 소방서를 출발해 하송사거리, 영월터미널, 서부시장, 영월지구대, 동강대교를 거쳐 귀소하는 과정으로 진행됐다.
__________
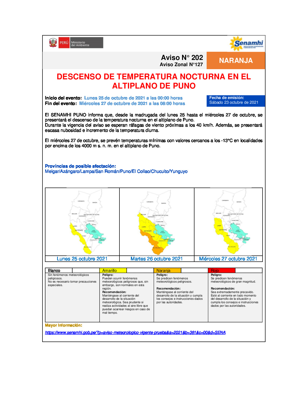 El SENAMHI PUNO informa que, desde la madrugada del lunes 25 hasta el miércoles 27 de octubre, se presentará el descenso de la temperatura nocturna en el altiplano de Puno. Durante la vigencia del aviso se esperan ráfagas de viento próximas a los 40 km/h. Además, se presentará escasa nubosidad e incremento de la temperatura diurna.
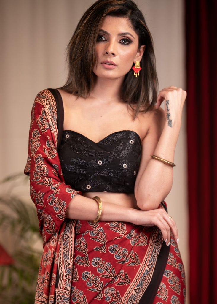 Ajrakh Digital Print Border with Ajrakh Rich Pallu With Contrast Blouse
__________
Copy out exactly the lines above beginning with the line that contains "El SENAMHI PUNO" and finishing with the line that contains "Ajrakh Digital Print", including both; leave the pictures out.

 El SENAMHI PUNO informa que, desde la madrugada del lunes 25 hasta el miércoles 27 de octubre, se presentará el descenso de la temperatura nocturna en el altiplano de Puno. Durante la vigencia del aviso se esperan ráfagas de viento próximas a los 40 km/h. Además, se presentará escasa nubosidad e incremento de la temperatura diurna.
 Ajrakh Digital Print Border with Ajrakh Rich Pallu With Contrast Blouse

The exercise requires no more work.